As well as providing a much-needed break, the past month has also provided an opportunity for quiet reflection on possible changes we might make to Catholica this coming year. I would now like to open up that conversation and seek input and feedback from contributors and readers.
The cold hard reality is that to date we have not been able to attract the philanthropic financial support that can realise this endeavour in the ways I had hoped and outlined during the first six months of our operation. I have not personally given up on the endeavour and am willing to make both the continued financial contributions as well as contributions of my time and skill to see if we can realise the full dream. It is worth, at this point, restating what that dream is — and also underlining what it is not.
What Catholica seeks to achieve...
|The illustrations to this commentary are taken from the headlines of recent commentaries published in Catholica. For an index to all the commentaries we have published go to www.catholica.com.au/commentary.
Catholica is not simply another journal of opinion in the ways that, say, the Jesuits have started Australian Catholics or Eureka Street and seek to present style and content that appeals to a particular demographic or interest group within the wider population. Neither was it set up seeking to be competitive with the particular readership that the former journal OnLine Catholics was seeking to cater to. In its full implementation, Catholica is seeking to utilise innovative technologies — largely developed by Google — which, when we have the money to pay for them, will enable us to respond to those who today are largely distanced from the institutional Church but continue to seek spiritual answers largely through search engine enquiries. We are principally then seeking to establish here a small community having a vigorous discussion of the sort of spiritual issues that are presently unable to be addressed within the institutional context. In other words we are endeavouring to establish a discussion community which is addressing the issues which at least the intelligent, thinking, and "opinion leading" sectors of the 85% who have left the Church would like addressed but which they feel are presently not being adequately addressed by the institutional Church at large.

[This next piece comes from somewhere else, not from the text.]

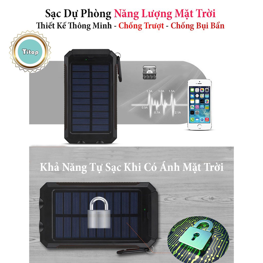 Sạc dự phòng năng lượng mặt trời, sạc đa năng có đèn pin 10000mAH - 20000mAH

Let me try and provide at least one example of how I envisage Catholica working in its full implementation. Here at Catholica we have brought together a group of individuals broadly committed to discussion and exploration of the perplexing spiritual issues in our lives within the broad Catholic thinking paradigm. Many issues will be discussed, and as publishers we do not seek to place any caveats on how those discussions develop other than that we do place a particular encouragement on ordinary people "speaking from the heart" about the challenges they have faced in their lives and how they have handled them within the spiritual domain. Over time we hope to build up a large database of these conversations on all manner of subjects from the challenges people have faced with the death of a loved one, to how they have coped in situations involving breakdown in relationships in the home or workplace, to very positive experiences where people have found inspiration through particular writers, particular courses of study, and through lived life experiences.
Meanwhile out in the wider community and cyberspace you are probably aware that everyday around the world tens of millions of queries are typed into search engines by people seeking answers to all sorts of problems. The major seach engine provider companies today have now developed highly sophisticated technologies based on mathematical algorithms that take us very efficiently to other companies and individuals who can answer our queries. Self-evidently, these technologies have largely been developed for commercial purposes to match buyers with sellers of commercial solutions. It is my belief that these technologies might also be able to be used to match seekers and providers of non-commercial products — such as spiritual answers. Why the search engine companies are so wealthy today is that they charge a premium to access these technologies they have put enormous effort into developing. We are not going to get access to them for free. On the other hand, and the good news, is that it is not prohibitively expensive to get started using them and I have devoted part of my break to studying how we might start even with our present limited financial resources. In the long run though I expect that a large proportion of our income, perhaps as much as 25% annually, will be devoted to paying for these technologies.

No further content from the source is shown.